And I realize this would better to be documented.  I will try to make this more
clarified on the documentation when I get time.  Please feel free to submit a
patch if you find a time faster than me :)

> 
> Not stop: the `target` is to maintain 50% free space on node 0, which we expect
> to be about 32GB. However, it demoted more than intended, maintaing about 90%
> free space as follows:
> 
>   Per-node process memory usage (in MBs)
>   PID           Node 0 Node 1 Node 2 Total
>   ------------  ------ ------ ------ -----
>   1182 (watch)       2      0      0     2
>   1198 (mmap)     7015      0  44187 51201
>   ------------  ------ ------ ------ -----
>   Total           7017      0  44187 51204
> 
> This is becuase the `esz` decreased slowly after acheiving the `target`.
> In the end, the demotion occured more excessively than intended.
> 
> We believe that the defference between `target` and `current` increases, the
> `esz` should be raised more rapidly to increase the aggressiveness of action.
> In the current implementation, the `esz` remains low even when the `current` is
> below the `target`, leading to a slow start issue. Also, there is a not-stop
> issue where high `esz` persist (decreasing slowly) even when an over_achieved
> state. 

This is yet another intended design.  The aim-oriented quota auto-tuning
feature assumes there is an ideal amount of quota that fits for the current
situation, that could dynamically change.  For example, proactively reclaiming
cold memory aiming a modest level of memory pressure.

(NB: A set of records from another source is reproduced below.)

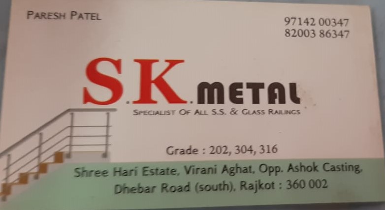 S K METAL Paresh Patel 9714200347 shree hari asket virani agad opp ashok casting Debar road
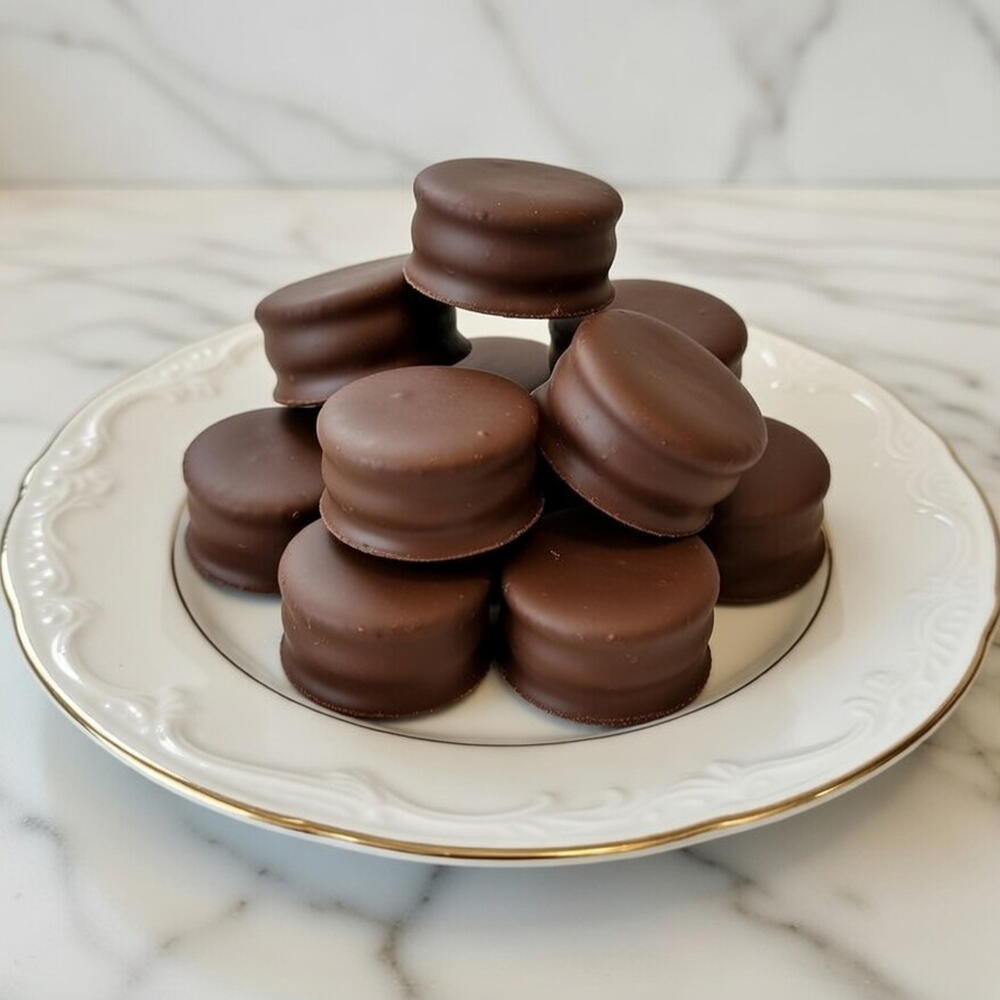Biscuit au chocolat, fourré à la confiture de lait pour pâtisserie, enrobé de chocolat mi-amer.
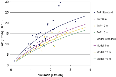Die Produktivität des normalen Zufällens lag beim Versuchsmittelstamm mit einem Volumen von 1,5 Efm o.R. bei 13,5 Efm/h. Die Produktivität des KHV erreichte zwischen 8,5 und 10,5 Efm/h je nach Länge (hier zwischen 8 und 16 Metern) der Erdstammstücke.

For this case, I think you should have another scheme for promotion.  Please
refer to the design and example implementation of the sample module.  Or, do
you have a special reason to utilize only demotion scheme like this setup?  If
so, please share.

If you really need a feature that turns DAMOS on and off for given situation,
DAMOS watermarks may be the right feature to look.  You could also override
tuned quota from user space.  So you could monitor the free size of given NUMA
node and set the tuned quota as zero, immediately, or jsut remove the scheme.

Again, this might be due to the poor documentation.  Sorry about the poor
documentation and thank you for letting me find this.  I'll try to make the
documentation better.

> 
> > 
> > Yes, as you intrpret, seems the auto-tuning is working as designed, but
> > migration is not successfully happened.  I'm curious if migration is tried but
> > failed.  DAMOS stats[1] may let us know that.  Can you check and share those?
> > 
> 
> Thank you for providing the DAMOS stats information.
> I will use it when analyzing with DAMON.

Maybe an easiest way to monitor it is
'damo report access --tried_regions_of X Y Z --style temperature-sz-hist'.

> I would appreciate any feedback you
> might have on the new
> results.

I wish my above replies helps a bit, and looking forward to anything I missed
or your special reasons for your setup if you have.


Thanks,
SJ

[...]